By Rick Popely on September 27, 2013
I'm in the market for a car to use as an everyday driver. I live in the Washington, D.C., area. In your honest opinion, which model of the sedan would you prefer, the 3.8-liter or the 4.6-liter? Currently, I am driving a 2005 Ford Expedition.
Because you mentioned the Genesis with the 4.6-liter V-8, we assume you're talking about a used model since that engine was last offered for 2012. If that is the case, then comparing the relative prices of used versions propelled by the 385-horsepower, 4.6-liter V-8 to ones with the 333-hp, 3.8-liter V-6 should help with your decision based on what you can afford.
If you're going to use this car as a daily driver in a crowded urban area such as Washington, D.C., you should ask yourself how much additional benefit you will derive from having a V-8. Is the extra power (along with additional equipment that comes on V-8 models) worth it compared to what you will lose in fuel economy? In addition, Hyundai's V-8 engines require premium gas, and the V-6 uses regular unleaded.
But if you're talking about a 2013 Genesis and the choice is between a 3.8 V-6 model and an R-Spec with the 5.0-liter V-8, we would prefer the R-Spec, assuming it fit our budget.
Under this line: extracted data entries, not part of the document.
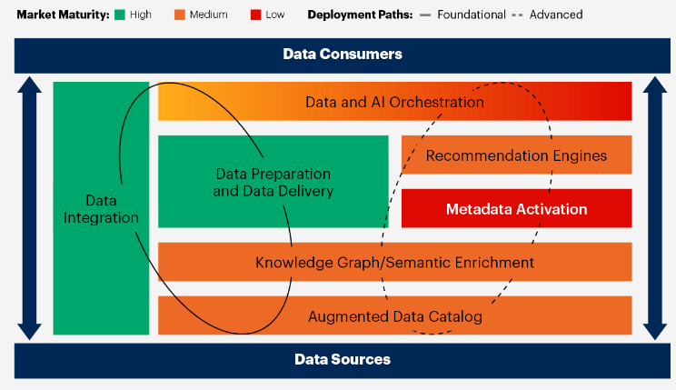 - 2020年未来—活跃元数据时代:未来将看到使用所有相关数据源对数据进行增强分析,通过高级分析、推荐引擎、数据和人工智能编排、自适应实践和元数据分析来访问和启用。
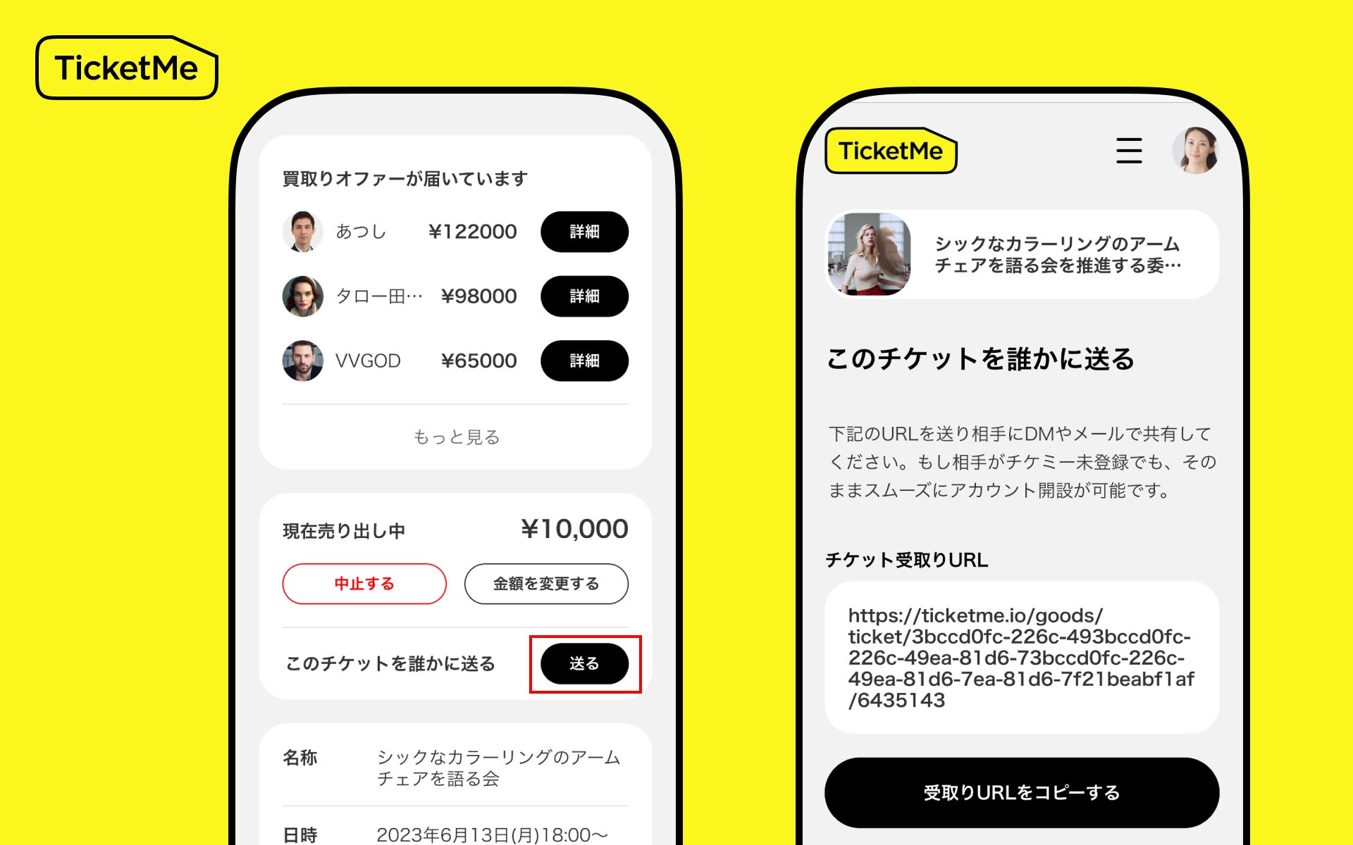 所有しているチケットを「送る」を選択すると、そのチケットを受け取るためのリンクが生成され、リンクをSNSやメッセージで共有すると、リンクにアクセスした人にチケットが送信されます。
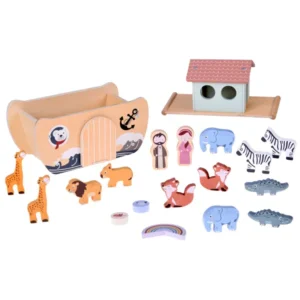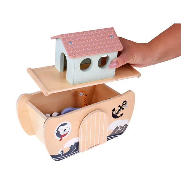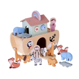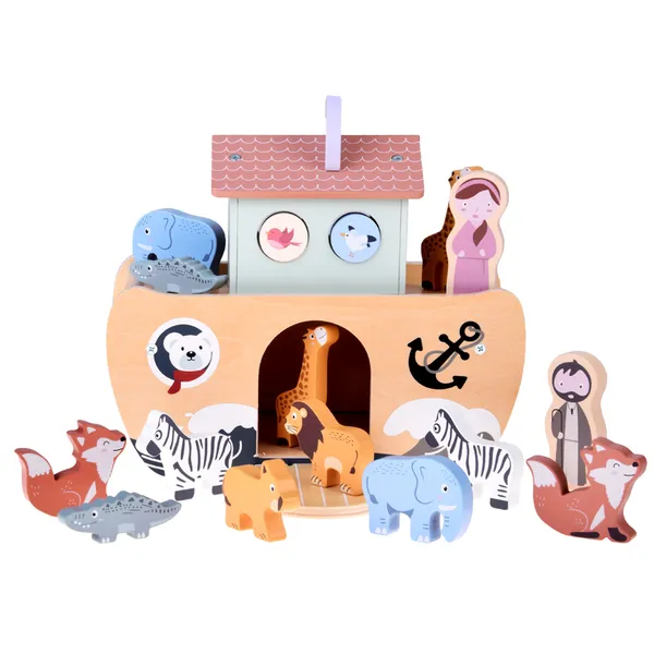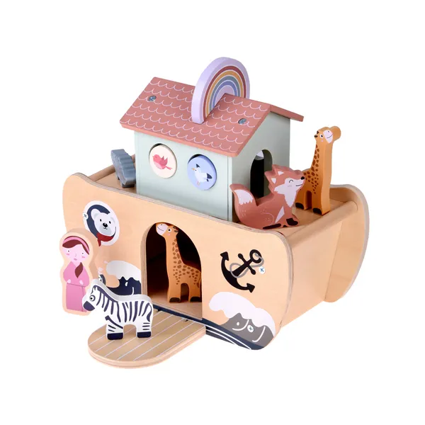 A pasztell színekben pompázó, masszív fa Noé bárka klasszikus formaillesztő és szerepjáték egyben, amely órákon át leköti a 3 + éves gyerekeket.

Not only does it offer more power and more standard features (there are no options on the 2013 R-Spec) but more refinement. Ride and handling are improved on the R-Spec; the V-8 is quieter than the V-6, and there is less road noise despite the R-Spec's aggressive 19-inch tires (the V-6 comes with 17- or 18-inch tires).
The only drawbacks are the R-Spec's lower fuel economy at 16/25 mpg city/highway versus the V-6's 18/28 mpg, the requirement for premium gas and the higher starting price ($47,695 versus $35,095; both prices include an $895 destination charge). Adding the optional Premium and Technology packages to the V-6 model makes it a closer match in equipment to the R-Spec, but the price comes pretty close as well, at $44,195 with destination.
If money isn't a limiting factor, our honest opinion (the only kind we give) is to go for the R-Spec.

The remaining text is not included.